Apenas rompían olas y el pico estaba infestado de surfistas. Las nubes cubrían el sol y la ausencia de luz me hizo pensar en el mes de septiembre. Deseábamos darnos un baño, aunque el desfase de la noche anterior, la tensión del viaje y las olas fofas hicieron que en vez de entrar en el agua nos tirásemos en la arena abatidos.

Al despertar, el océano estaba revuelto. El mar se mecía con el vaivén del viento. Las olas rompían deprisa. Apenas sin recorrido. Al menos la sensación de bochorno se había atenuado. La bandera roja se movía alocada. Una serpiente ondulándose a cámara rápida. Encendimos unos cigarrillos y el humo nos volvía a la cara. Fantasmas traspasándonos. Cerca de la orilla, casi delante de donde nos encontrábamos, había unos niñatos de buena familia con sus cervezas frías. El Manco propuso ir a por algo de beber.

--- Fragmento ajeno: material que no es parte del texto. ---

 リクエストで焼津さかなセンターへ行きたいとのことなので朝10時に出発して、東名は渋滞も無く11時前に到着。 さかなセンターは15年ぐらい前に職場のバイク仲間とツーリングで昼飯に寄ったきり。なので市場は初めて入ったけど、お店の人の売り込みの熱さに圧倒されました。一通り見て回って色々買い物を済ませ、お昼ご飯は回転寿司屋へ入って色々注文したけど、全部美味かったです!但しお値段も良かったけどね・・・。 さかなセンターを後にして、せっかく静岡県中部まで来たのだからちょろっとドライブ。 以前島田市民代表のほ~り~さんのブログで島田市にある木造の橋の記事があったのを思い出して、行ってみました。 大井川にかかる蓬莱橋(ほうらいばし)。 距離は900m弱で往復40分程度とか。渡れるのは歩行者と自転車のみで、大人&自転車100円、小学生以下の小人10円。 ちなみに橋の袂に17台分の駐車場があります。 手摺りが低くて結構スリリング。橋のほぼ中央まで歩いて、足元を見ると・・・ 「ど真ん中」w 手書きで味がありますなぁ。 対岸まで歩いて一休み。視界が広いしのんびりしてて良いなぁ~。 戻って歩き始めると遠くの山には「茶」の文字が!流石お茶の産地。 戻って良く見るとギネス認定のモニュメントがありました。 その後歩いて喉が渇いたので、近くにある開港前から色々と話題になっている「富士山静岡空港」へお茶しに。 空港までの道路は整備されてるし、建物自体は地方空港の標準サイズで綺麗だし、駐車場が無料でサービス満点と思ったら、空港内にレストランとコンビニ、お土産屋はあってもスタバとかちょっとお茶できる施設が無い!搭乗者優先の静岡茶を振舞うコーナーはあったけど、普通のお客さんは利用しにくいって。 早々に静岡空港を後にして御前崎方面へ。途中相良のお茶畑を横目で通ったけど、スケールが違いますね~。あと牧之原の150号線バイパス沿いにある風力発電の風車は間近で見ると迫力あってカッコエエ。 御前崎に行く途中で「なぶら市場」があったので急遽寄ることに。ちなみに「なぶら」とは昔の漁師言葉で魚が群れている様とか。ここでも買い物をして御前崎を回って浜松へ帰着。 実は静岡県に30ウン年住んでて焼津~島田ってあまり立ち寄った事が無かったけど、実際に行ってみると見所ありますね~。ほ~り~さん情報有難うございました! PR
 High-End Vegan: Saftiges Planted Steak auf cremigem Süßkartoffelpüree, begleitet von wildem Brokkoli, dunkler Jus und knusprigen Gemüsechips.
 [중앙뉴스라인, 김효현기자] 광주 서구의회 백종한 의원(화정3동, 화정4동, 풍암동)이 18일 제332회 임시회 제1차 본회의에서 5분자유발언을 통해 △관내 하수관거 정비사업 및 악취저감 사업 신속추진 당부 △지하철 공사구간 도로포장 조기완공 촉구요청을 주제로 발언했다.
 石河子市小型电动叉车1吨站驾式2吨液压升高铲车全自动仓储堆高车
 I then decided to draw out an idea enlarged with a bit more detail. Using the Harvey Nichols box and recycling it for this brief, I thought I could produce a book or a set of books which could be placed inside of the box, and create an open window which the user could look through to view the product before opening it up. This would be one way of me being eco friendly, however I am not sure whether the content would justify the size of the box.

Sacamos las mochilas y las tiendas de campaña del portaequipajes y las dejamos allí tiradas. Yo subí al asiento del copiloto y puse la radio, Nirvana a todo volumen mientras el Manco maniobraba marcha atrás, y de pronto oímos un chasquido, y vimos que la gente venía hacia nosotros con las manos en la cabeza. Los pijos se reían en la distancia, el Bocina gritaba para, joder, para, serás cabrón. Nos bajamos de inmediato. La rueda trasera de la Volkswagen había partido la tabla del Bocina.

—¡Qué putada! —Se oía.

—¿A quién se le ocurre dejar ahí la tabla? —se defendió el Manco.

—¿Y los espejos retrovisores?

—No veo el suelo. Mierda, Bocina, mierda, me cago en la puta y en tó’ lo que se menea.

Ambos se miraron, pensé que iban a darse de hostias, pero la reacción del Bocina fue otra:

—Ve a por la bebida y la comida, y mientras me prestas tu tabla —le dijo y chocaron la mano y se abrazaron. De fondo escuchábamos los rumores de la gente, sorprendidos por la reacción del Bocina.

El Manco y yo fuimos a comprar.

—Estamos jodidos, lo sabes, ¿verdad?

—Déjate de gilipolleces, Manco.

—La tabla del Bocina es otra señal.

Me quedé callado. No quería pensar en el regreso, cuando tuviésemos que enfrentarnos al Alcalde.